**Instructions for the task:** Please give all of the data again, character for character, and drop the pictures.

**Supplied material:**
------------------------------------------------------------

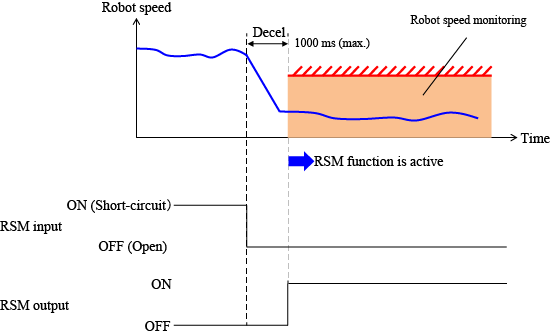 Signal name Robot motion speed limit RSM 1 input 125 mm/s RSM 2 input 250 mm/s RSM 3 input 500 mm/s - Under the Manual mode, any input of RSM input monitors if the robot motion speed remains below 250 mm/s.
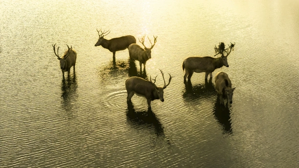 暖金色的夕晖漫过滩涂,六只麋鹿静立浅水中,身影与波光交叠。它们或低头饮水,或侧耳聆听,在温柔的光影里,勾勒出自然最静谧的诗意。这是荒野与生灵的温柔相遇,也是时光停驻的瞬间。
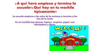 Este documento describe la rutina escolar de un estudiante. Describe que la escuela empieza a las 8 am y termina a las 3 pm. El estudiante tiene 4 clases cada día, con almuerzo de 11:10 am a 12:10 pm. La clase favorita del estudiante es historia, cuyo maestro se llama Sra. Leslie.
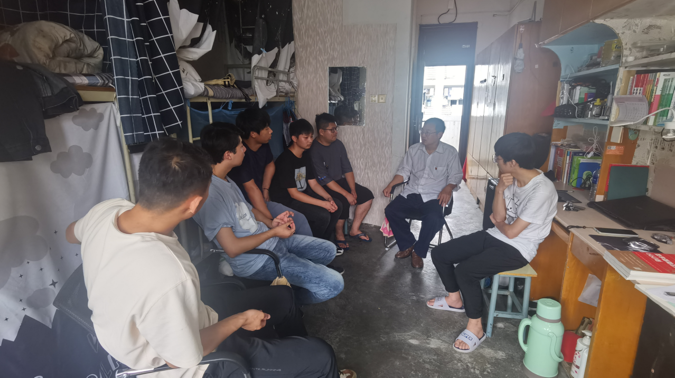 7月2日下午,化学化工学院党委副书记叶双峰带领第一党支部教师党员到所在支部学生宿舍进行走访,对宿舍卫生、安全隐患等方面进行走访检查,并在学生宿舍为化学化工第一党支部党员做了题为“抗大精神与当代青年大学生的责任担当”的专题党课,课上,叶书记详细介绍了抗大精神,并对在座的学生党员提出了三点要求,鼓励大家要志存高远,勇于担当,勤奋学习、锤炼身心,努力做新时代具有过硬本领和高尚品格的接班人。
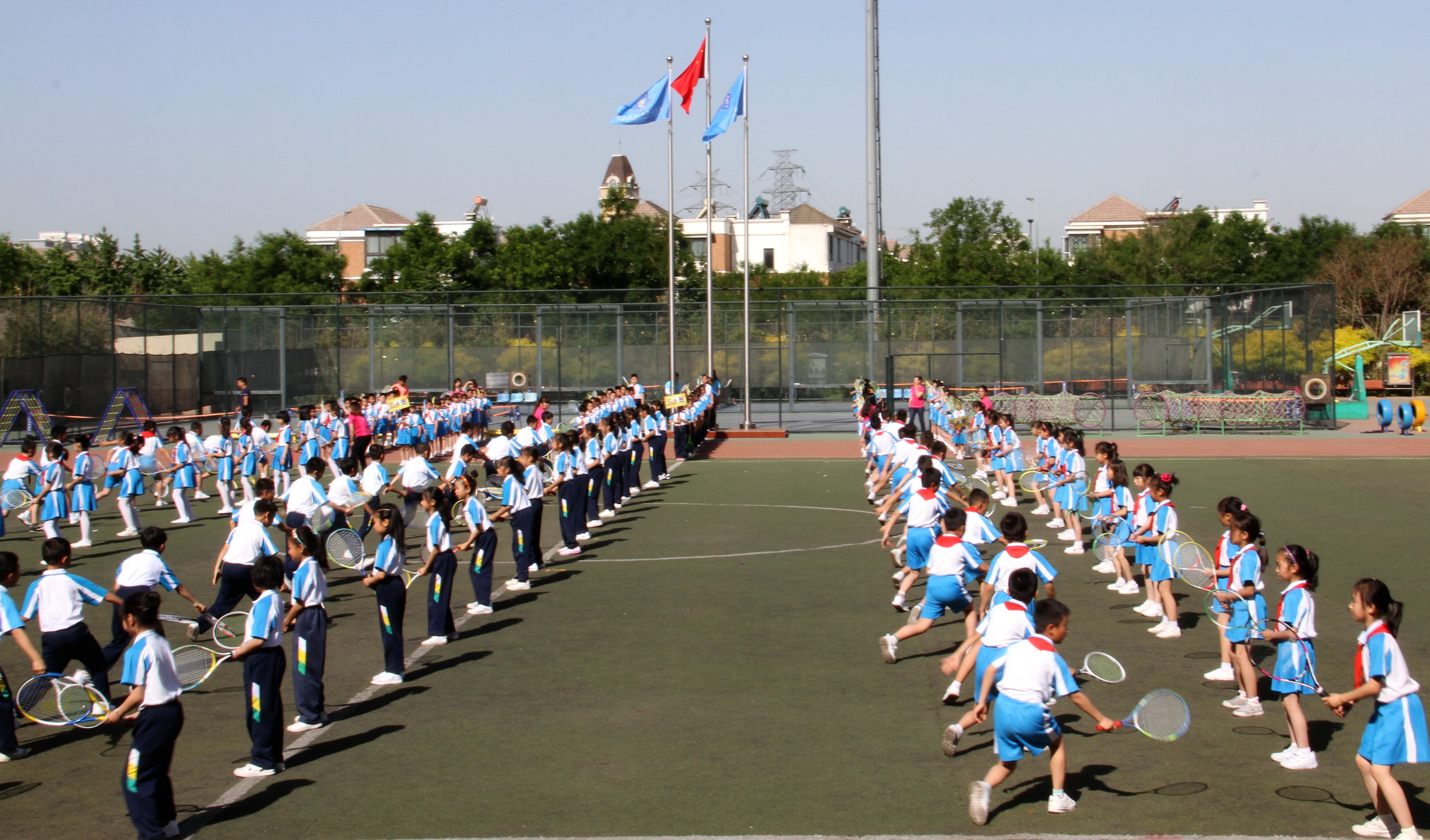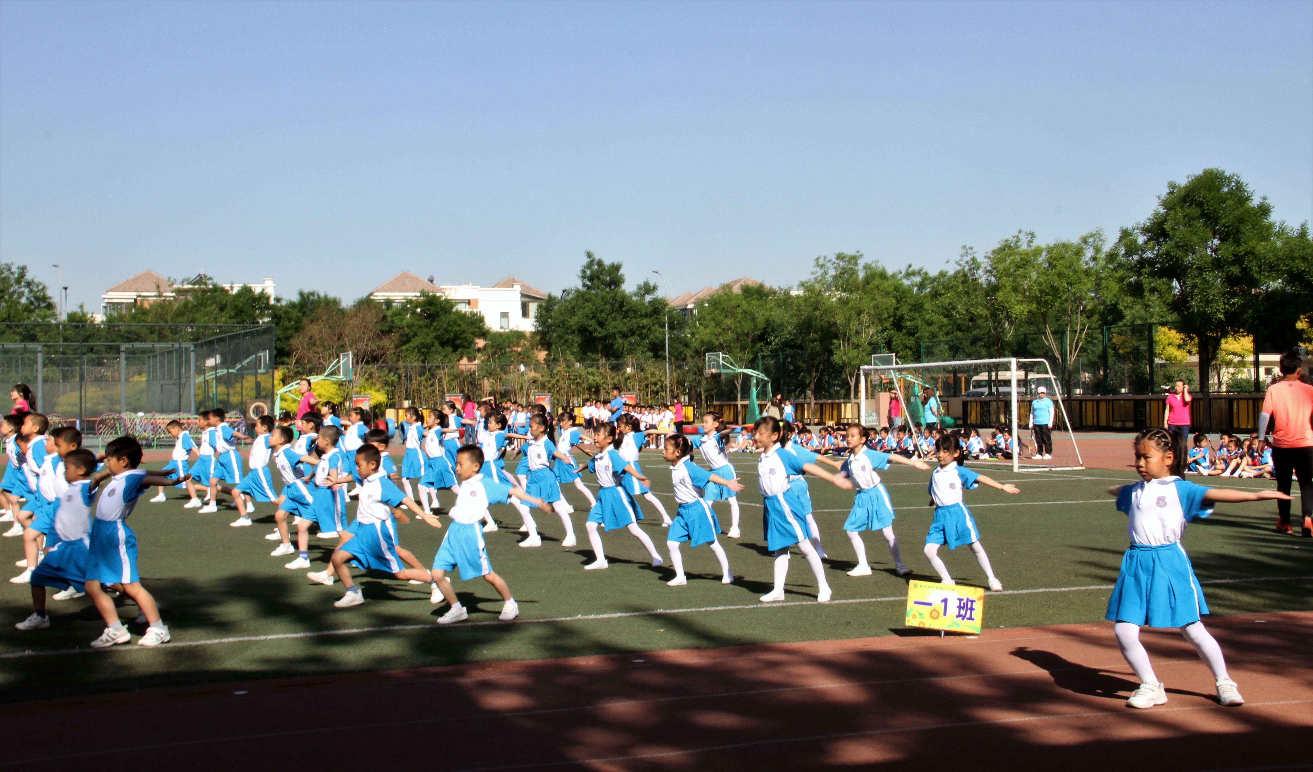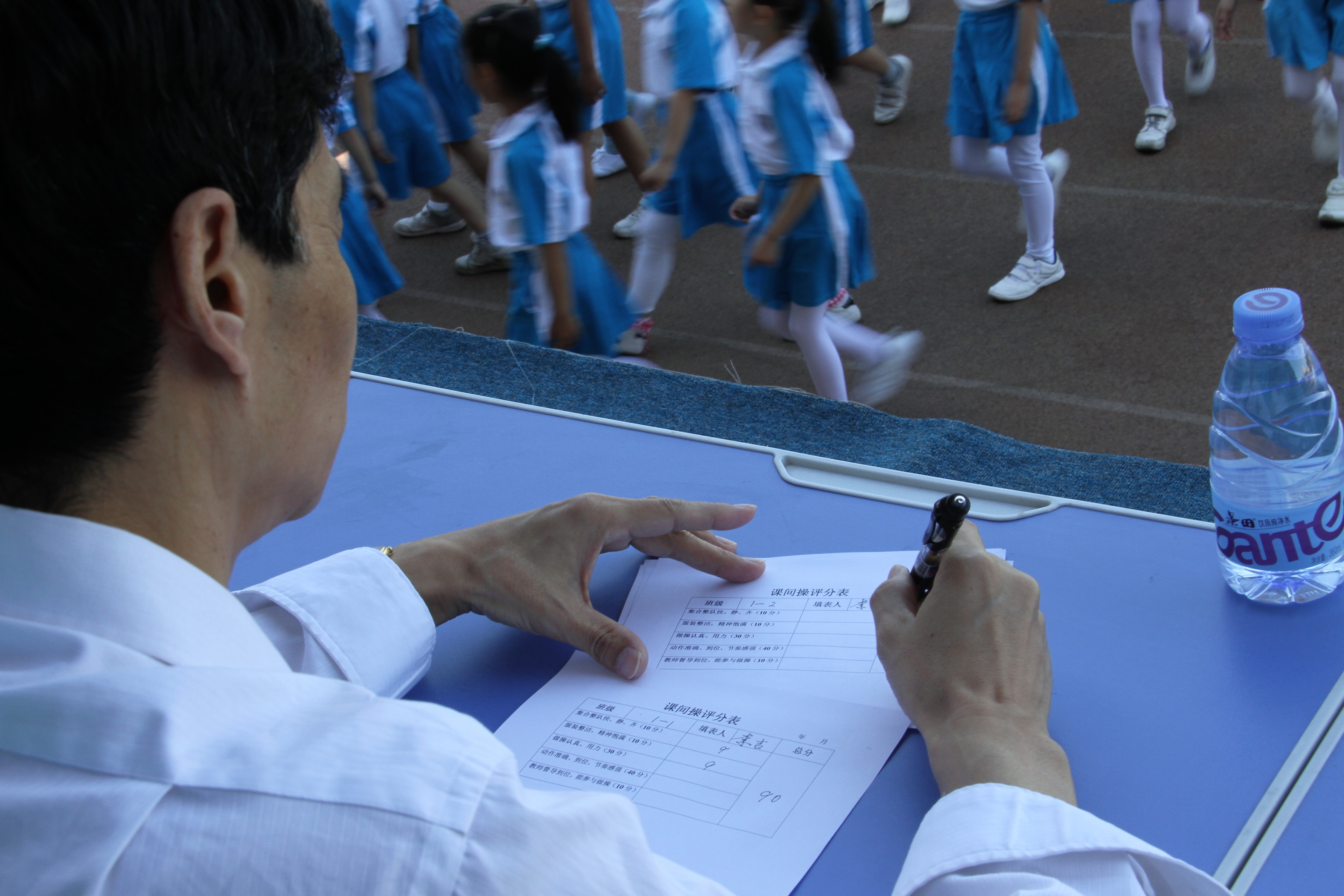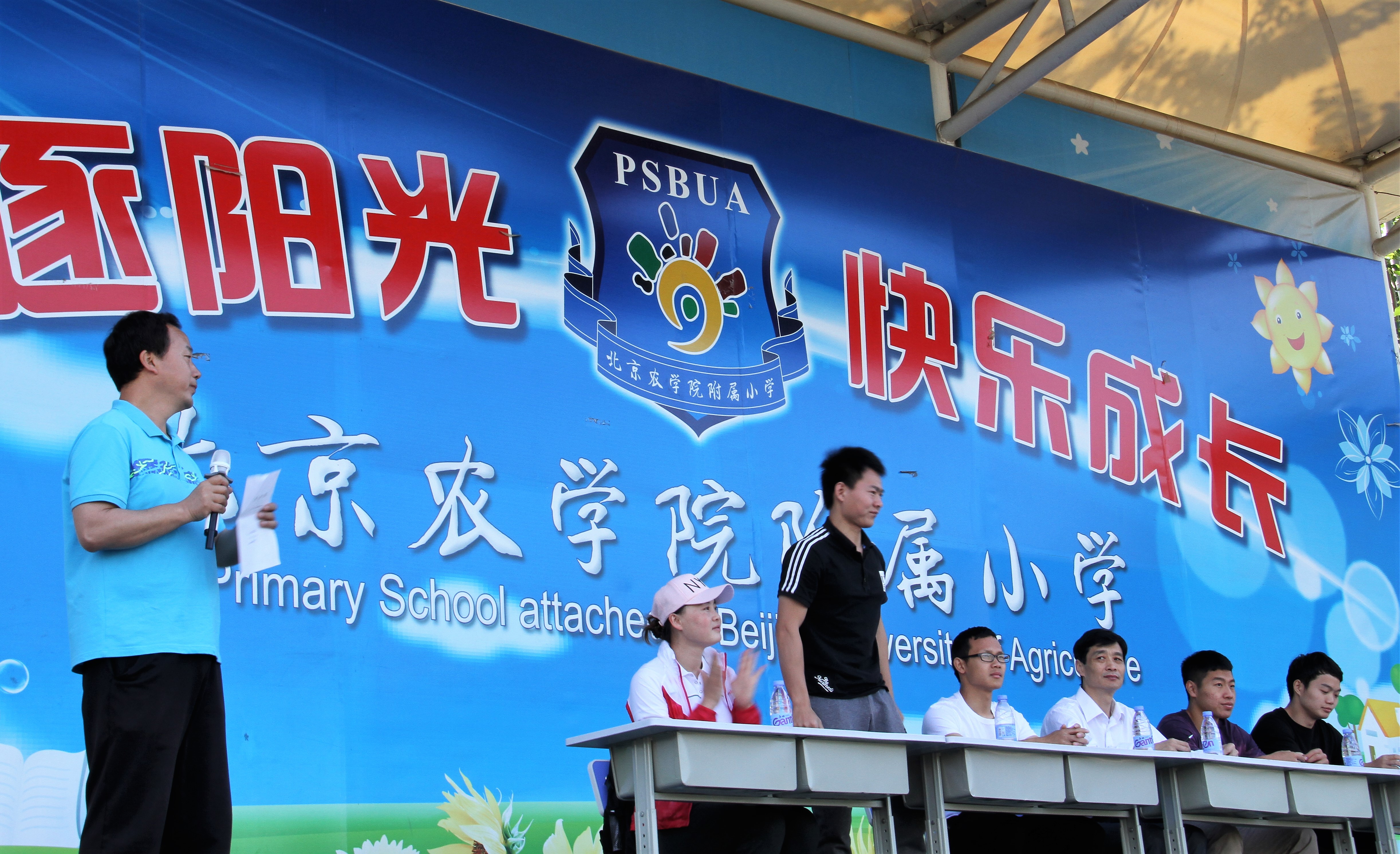 5月11日上午,beat365手机版官网“高参小”项目合作学校北农附小开展了课间操班级对抗赛,来自beat365手机版官网的四位国家级裁判蔡林河、周理平、李小云和穆瑞享以及北京2008年奥运裁判李吉老师担任了本次课间操比赛的评委。

------------------------------------------------------------

**Answer to the problem:**
 Signal name Robot motion speed limit RSM 1 input 125 mm/s RSM 2 input 250 mm/s RSM 3 input 500 mm/s - Under the Manual mode, any input of RSM input monitors if the robot motion speed remains below 250 mm/s.
 暖金色的夕晖漫过滩涂,六只麋鹿静立浅水中,身影与波光交叠。它们或低头饮水,或侧耳聆听,在温柔的光影里,勾勒出自然最静谧的诗意。这是荒野与生灵的温柔相遇,也是时光停驻的瞬间。
 Este documento describe la rutina escolar de un estudiante. Describe que la escuela empieza a las 8 am y termina a las 3 pm. El estudiante tiene 4 clases cada día, con almuerzo de 11:10 am a 12:10 pm. La clase favorita del estudiante es historia, cuyo maestro se llama Sra. Leslie.
 7月2日下午,化学化工学院党委副书记叶双峰带领第一党支部教师党员到所在支部学生宿舍进行走访,对宿舍卫生、安全隐患等方面进行走访检查,并在学生宿舍为化学化工第一党支部党员做了题为“抗大精神与当代青年大学生的责任担当”的专题党课,课上,叶书记详细介绍了抗大精神,并对在座的学生党员提出了三点要求,鼓励大家要志存高远,勇于担当,勤奋学习、锤炼身心,努力做新时代具有过硬本领和高尚品格的接班人。
 5月11日上午,beat365手机版官网“高参小”项目合作学校北农附小开展了课间操班级对抗赛,来自beat365手机版官网的四位国家级裁判蔡林河、周理平、李小云和穆瑞享以及北京2008年奥运裁判李吉老师担任了本次课间操比赛的评委。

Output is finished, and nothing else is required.